Eddie Betts – AFL Player

Posted October 13, 2011, by Helen Isbister
Eddie Betts – AFL Player

Eddie started out his sporting life as a talented soccer player, but his father introduced him to AFL at age 11 and the rest is history. He made his debut for the Carlton Football Club in Round 1, 2005. Eddie is a resounding crowd favourite and he also picked up AFL Goal of the Year in 2006.

Where are you from originally?

I was born in South Australia in Port Lincoln where Dad lived, but I shifted over to Western Australia because my mum lives in Kalgoorlie.

Did you grow up playing AFL?

No not really. I played soccer when I was little and then Dad came and put me into AFL when I was about 11. I moved to South Australia a couple of years later and played in the little league. I then moved to Melbourne to play, and ended up getting picked for the under-18s TAC Cup. I got a chance to play with the Calder Cannons for two years before getting picked up by Carlton.

What's the best part of being a pro AFL player?

Playing at the MCG. I still think that I am surprised to be playing AFL professionally.

Is it scary or exhilarating to go out in front of large crowds?

If we come up against a team like Collingwood or Essendon, it's always a big crowd. It's pretty pumped playing a game with a lot of people watching. With a big crowd and big atmosphere it's awesome   the adrenaline is just amazing.
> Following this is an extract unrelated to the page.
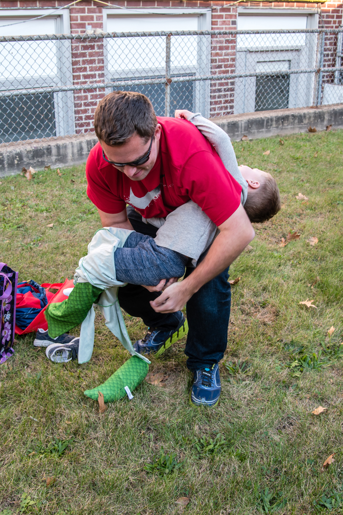 One of the things I love about this costume, is that the tail is removable. If you look closely above, you can see how it is attached to his back with velcro. In my opinion, this is genius. It makes it so much easier for him to wear his costume in the car. And if your child is allowed to wear costumes to school, this makes it possible for them to easily sit at their desk!

What's your schedule like during the week?

We train basically every day except Thursday. We have meetings, weights, beach training, massages, physio – it's pretty full-on.

You obviously enjoy the game. Do you also enjoy training?

I enjoy training a lot actually. I like going to the club and seeing all my boys – it's my second home because I'm there nearly every day of the week. Most blokes don't enjoy doing pre-season training, but we have to do it and the rest of the year is good.

What support crew do you have around you?

We have a very young crew down here. The coach and the assistant coaches are easy to approach and we can talk to them about anything.

What other commitments do you have outside of training?

Every Thursday we go out to schools and talk to the kids about how to help save the environment.

How do you feel about being in the public eye?

I don't really like the media. I've never really gotten used to it.

When you get recruited into the AFL do they help you deal with that sort of thing?

When we get drafted, we spend the whole first year going through a program with media training, drugs and alcohol talks, and that sort of thing. Every player in every club has to go through the program.

Is there any extra support for Indigenous players?

A lot of the Indigenous players are doing an ambassador program at the moment to try to help young Indigenous communities. There are also Indigenous camps up in Broome. At the beginning of next year all of the Indigenous boys in the AFL, 72 of us, will go up to Darwin and get to know each other a bit more.

Do you have any plans for what you are going to do after you retire from AFL?

We try to do something now on our day off so that we have something to do after we finish AFL. I'm starting to do some work in the landscaping business.

Do you have advice for youngsters who are trying to start out in AFL?

Keep working hard and believing in yourself. If you come to Melbourne from different states you might get homesick, but you have to keep fighting and keep working hard. You'll get used to it and the boys will help you out.